_Brief_
Here, set down only the lines between the line that contains "Modern geometry meets" and the final line of the material, both included, exactly as written. Skip the pictures.

_Exercise inputs_
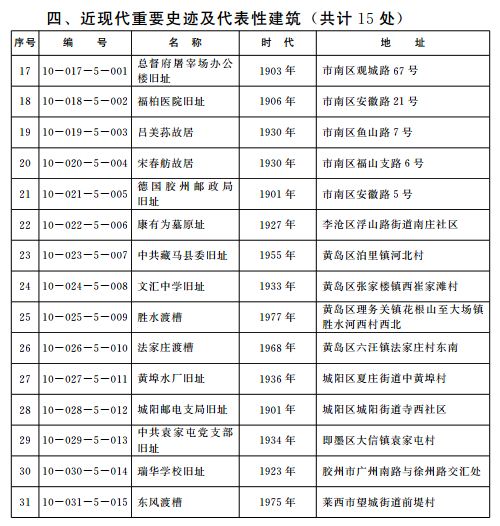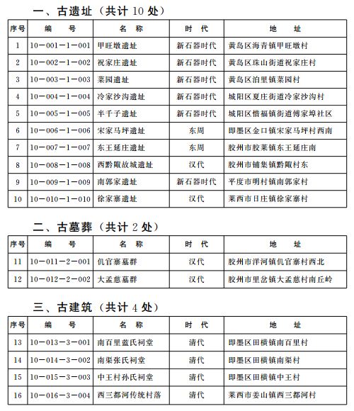 青島市第十批市級文物保護單位名單
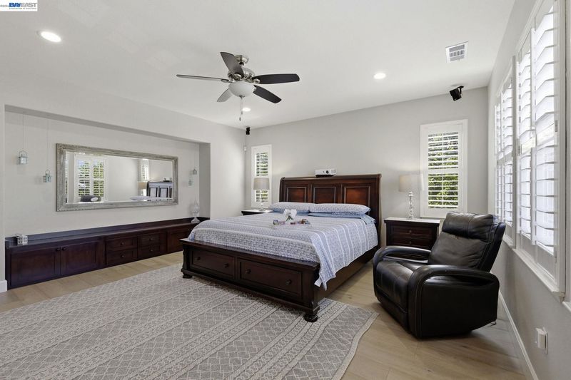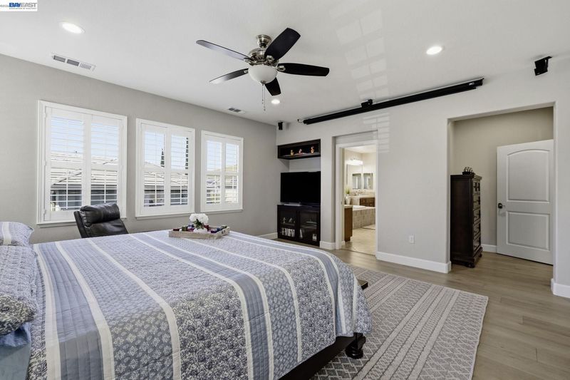 Experience the pinnacle of luxury living in this exquisite 2,962 sqft corner-lot home in the premier Windemere neighborhood! This 4-bed, 3-bath home, w/ ~240K in upgrades, shows like an upscale designer model. Tiled entry way w/ step lights lead to an inviting glass insert front door. Step into a sun-drenched floor plan defined by soaring high ceiling living room, showstopper chef’s kitchen w/ island - features exclusive Taj Mahal Quartzite countertop, custom soft-close cabinetry & SS appliances, separate family room anchored by breathtaking -floor-to-ceiling- marble paneled fireplace. Coveted main-level bedroom & full bath. Exquisite chandeliers, decorative wrought-iron balusters on the staircase, wide plank hard wood flooring & built-in wooden cabinetry throughout. Central AC. 8.2kWh owned solar system w/ dual backup batteries. Upstairs is a spa-inspired primary suite featuring dual vanities, a jetted soaking tub & an expansive walk-in closet w/ custom organization. 2 other generous sized bedrooms w/ custom closets. Enjoy your serene oasis w/ manicured lawns, landscaped yard w/ custom arbor for entertaining. 3-car garage w/ attractive epoxy flooring, EV charging & water softener. W/ just steps to top schools, parks & trail, this fabulous & turnkey abode is THE HOME for YOU!
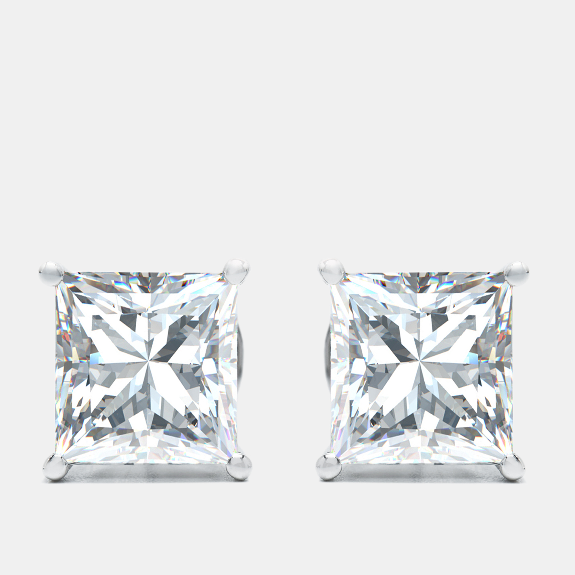 Modern geometry meets classic brilliance in these 6 carat lab grown diamond earrings. Each stone is set in gleaming 18k white gold to bring out a timeless sparkle.
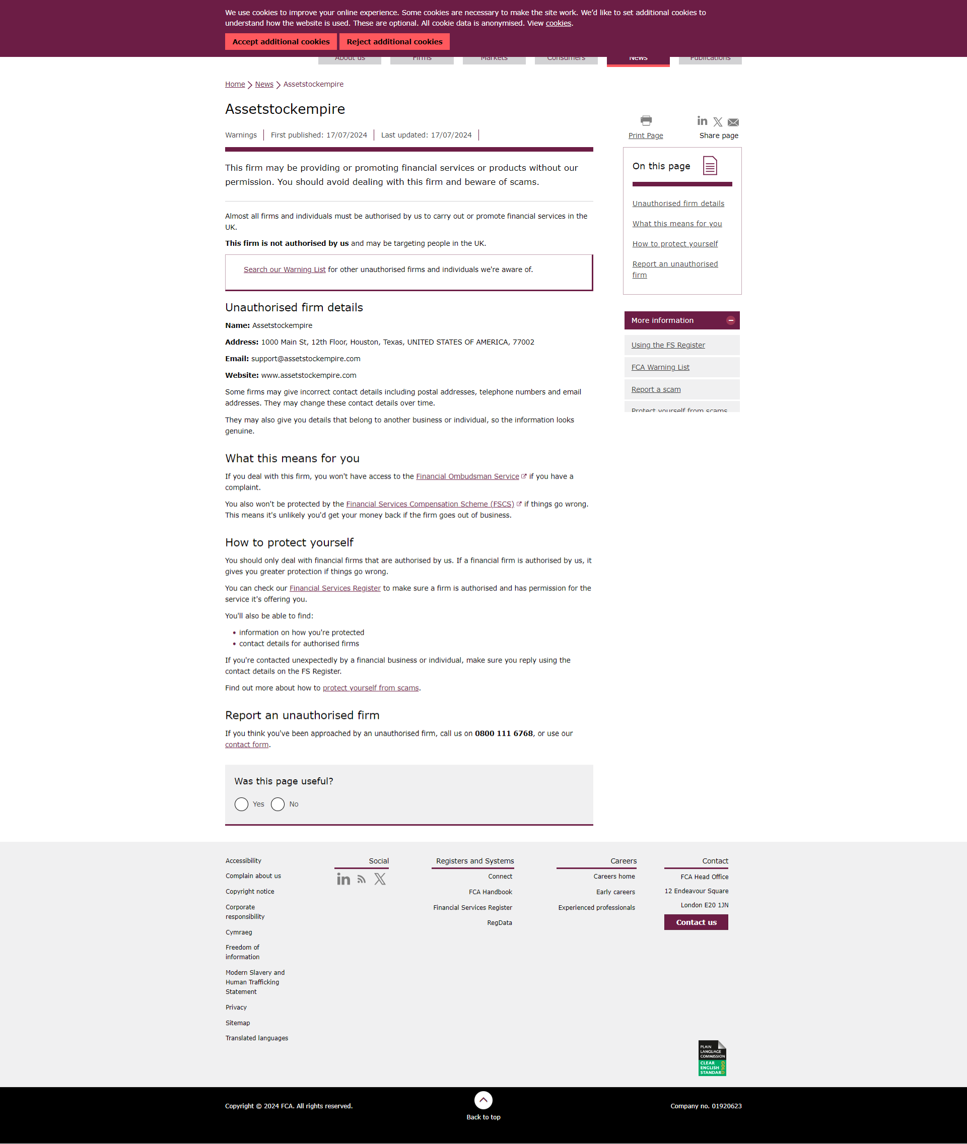FCA未经授权公司警告名单 Assetstockempire.
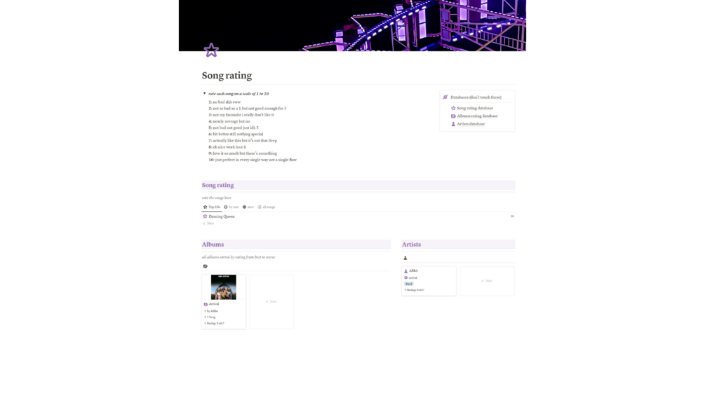Purple Notion Music and Songranking Template

_Answer section_
 Modern geometry meets classic brilliance in these 6 carat lab grown diamond earrings. Each stone is set in gleaming 18k white gold to bring out a timeless sparkle.
FCA未经授权公司警告名单 Assetstockempire.
Purple Notion Music and Songranking Template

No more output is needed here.